## TASK GOAL
Transcribe word for word each line from the one containing "7月下旬,在虹口区曲阳路街道" to the final line of the data, both included. Skip the pictures.

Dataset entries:
■ ■ ■ ■
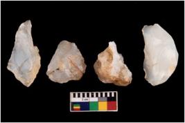 | Description / विवरण | Four utilised worked cores with sharp edges. Flakes have been removed from few sides. |
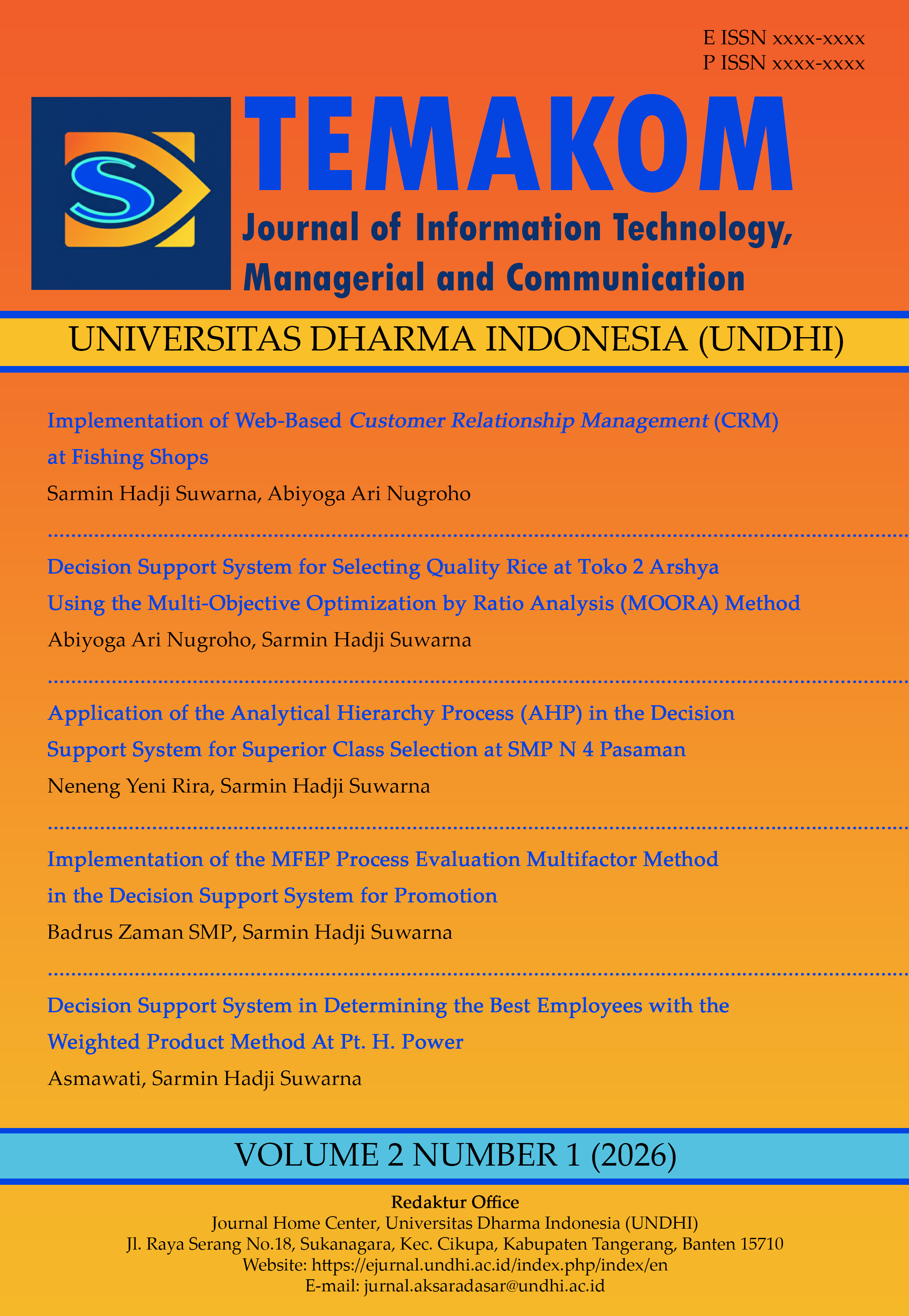 Published by the Faculty of Computer Science, Universitas Dharma Indonesia (UNDHI), the Journal Teknologi Informasi, Manajerial dan Komunikasi focuses on research and studies in the fields of Information Technology, Management, and Communication. The journal is published biannually, in January and July, and serves as a platform for scholarly contributions addressing theory, practice, and innovation in information systems, managerial studies, and communication sciences.
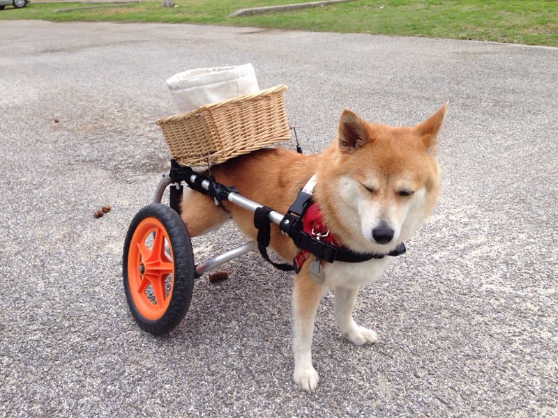 公園で、後ろ足に車輪を着けたマオちゃんがいました。 早いです。 大阪E
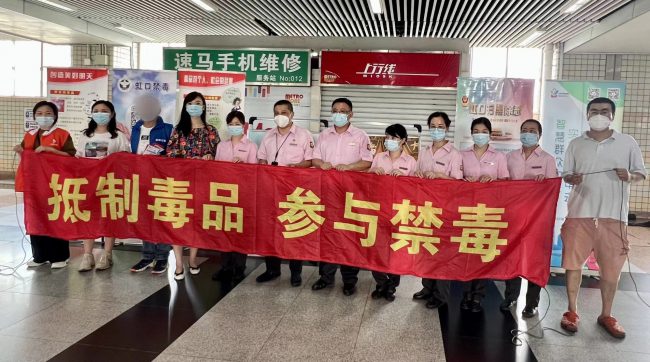 7月下旬,在虹口区曲阳路街道平安办的组织协调下,曲阳路社工点的禁毒社工会同禁毒志愿者来到地铁轨交三号线赤峰路站,开展了一场主题为“抵制毒品,参与禁毒”的禁毒宣传活动。
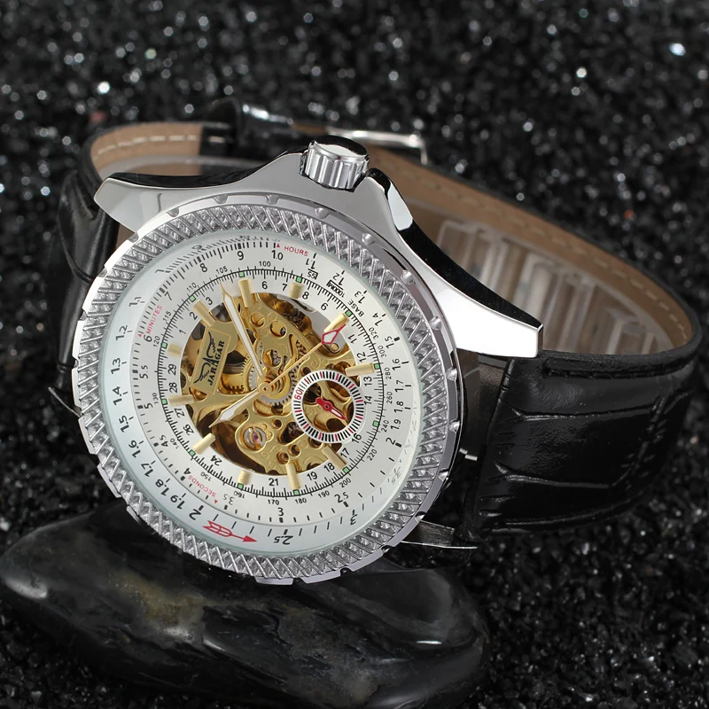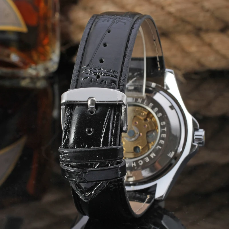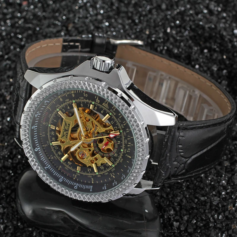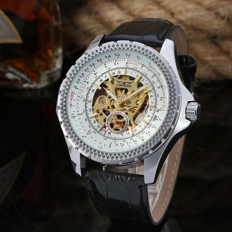 2021 New JARAGAR Classic Men Watch Black Leather Strap Skeleton Mechanical Automatic Business Clock Wristwatch Relogio Masculi
■ ■ ■ ■
## RESULT FOR THIS EXERCISE
 7月下旬,在虹口区曲阳路街道平安办的组织协调下,曲阳路社工点的禁毒社工会同禁毒志愿者来到地铁轨交三号线赤峰路站,开展了一场主题为“抵制毒品,参与禁毒”的禁毒宣传活动。
 2021 New JARAGAR Classic Men Watch Black Leather Strap Skeleton Mechanical Automatic Business Clock Wristwatch Relogio Masculi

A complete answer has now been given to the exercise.